Na cerimônia em que reassumiu as refinarias que eram da Petrobras, o presidente da Bolívia, Evo Morales, pediu que a Assembléia Constituinte proíba para sempre privatizações no país. "Que nunca mais voltem os ´vende-pátrias´. Que nunca nossas refinarias e recursos naturais sejam entregues às transnacionais". "



Até eu, que sou contra as privatizações, acho que "para sempre" é tanto tempo...

Oceania 1984/Brasil 2007

Finalmente, depois de alguma pressão de colegas, que acham um absurdo eu ler um livro de 300 e poucas páginas em mais de um mês (ok, eu tb acho), mas deve-se levar em consideração que eu lia antes de dormir, o que não otimiza muito o tempo de leitura, acho... Terminei de ler o 1984, de George Orwell, minha segunda incursão às idéias dele (li, tempos atrás, "A Revolução dos Bichos", fantástico, por sinal).

Coloco aqui um pouco da minha impressão sobre o livro, e uma pequena alusão à realidade brasileira.

O 1984, de George Orwell é muito bom. Entretanto, a visão pessimista do futuro da humanidade apresentada pelo autor seja pra lá de assustadora: uma sociedade em que o ser humano aparece mais e mais desumanizado. A sociedade é dominada pelo partido, e este, comandado pelo Grande Irmão, figura que controla todas as ações dos cidadãos, pois tudo vê.

Em alguns momentos isso pode parecer absurdo, mas se olhar bem, pode ser tomada parte dessa ameaça como verdade no Brasil atual, e é esta a reflexão que quero dos meus leitores: em que medida os clássicos da ficção podem antecipar ou traduzir questões importantes da política nacional.

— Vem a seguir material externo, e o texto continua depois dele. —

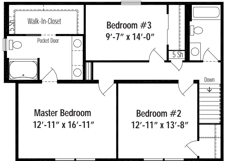
Williamsburg B Crawl Space 27'-4" x 36/38', Total Living Area 1998 Sq. Ft.
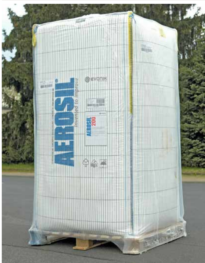
Figure 2 Shipment of AEROSIL® in FIBC
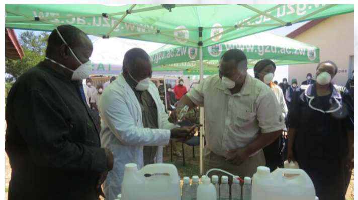
Sanitise your hands, surfaces and frequently used objects.
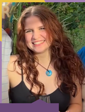
'pre-drinks over prelims'
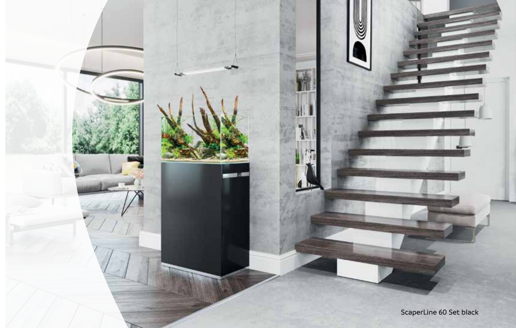
ScaperLine 60 Set black
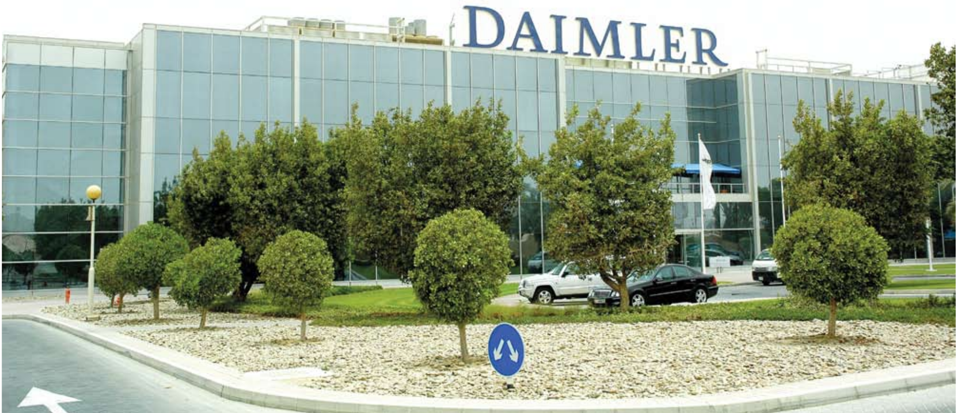
Daimler Regional Headquarters Building in Jafza

GCC will continue to drive our growth in the current fiscal as well, says Daimler's Regional Chief
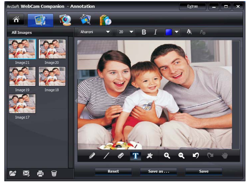
You can use this function to make some changes on the photos taken either by adding some word or change background or erasing any portion that you would like to delete.
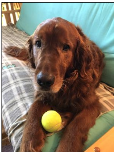
Exercise and love have calmed Raider (now Radar)

Note: From Taz's shelter behavior, the staff was worried that he would be a barn cat. It turned out that Taz is "the barn cat who is not a barn cat!"
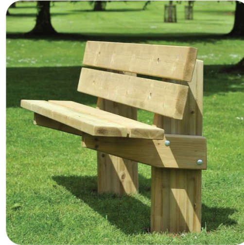
Seating type 1
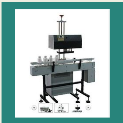
Induction Cap Sealing Machine
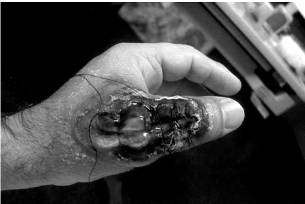
Fig. (2-A): Posttraumatic soft tissue defect on the dorsum of lift thumb.

Os altos índices de aceitação do Governo Lula podem ser interpretados como um dos momentos em que os personagens de Orwell demonstram uma inacreditável adoração pelo seu governante, mesmo com todas as atrocidades (no caso brasileiro, os escândalos de corrupção em que as pessoas envolvidas são, muitas delas, ligadas ao presidente por laços até de parentesco), ou os racionamentos de mantimentos (em terras tupiniquins, os atrasos nos aeroportos). Será que a exceção à regra pensa, ou as críticas estão proibidas pela thoughtpolice? Seremos, os críticos, falhas da matrix da sociedade brasileira?

Os caros leitores hão de concordar que a vida imita a arte... mas até quando?

terça-feira, junho 26, 2007

Bomba atômica no Brasil

Muito provavelmente será retomada a cosntrução da usina nuclear de Angra III. Era essa a notícia que chamou a atenção no Bom Dia Brasil hoje de manhã...

A justificativa era a diversificação da matriz energética brasileira, para evitar uma nova crise. Devería-se investir, dessa forma, eu energia eólica, hidrelétrica, termelétrica, com o gas do lixo... Acho uma pura besteira investir dinheiro em uma matriz energética que vai gerar lixo radioativo, que não tem ainda um destino definitivo (e seguro), e que está sendo deixada de lado por todos os países que a utilizam...

Sugiro o site do greenpeace http://www.greenpeace.org.br/energia/pdf/factsheet_angra01-06.pdf

segunda-feira, junho 25, 2007

Um timming estranho


"Ao som de "Prá não dizer que não falei das flores", do cantor Geraldo Vandré, letra ícone de luta contra a ditadura no Brasil,
estudantes e servidores que ocupavam o prédio da reitoria da USP (Universidade de São Paulo) desde o dia 3 de maio,
saíram do local..."
http://www1.folha.uol.com.br/folha/educacao/ult305u306590.shtml

E o movimento estudanil continua achando que estamos na década de 70, perseguido pelas elites apoiadoras do regime autoritário...
A meu ver, o movimento estudantil sofre de uma certa esquizofrenia temporal...

E enquanto isso, na Unicamp, os estudantes continuam ocupando a DAC e mantendo as barricadas no IFCH...

quarta-feira, junho 20, 2007

mais da greve

Mais um dia de não sei bem o que... Teoricamente era pra ser um dia de aula normal, depois que os professores resolveram que iriam voltar as aulas nessa segunda feira.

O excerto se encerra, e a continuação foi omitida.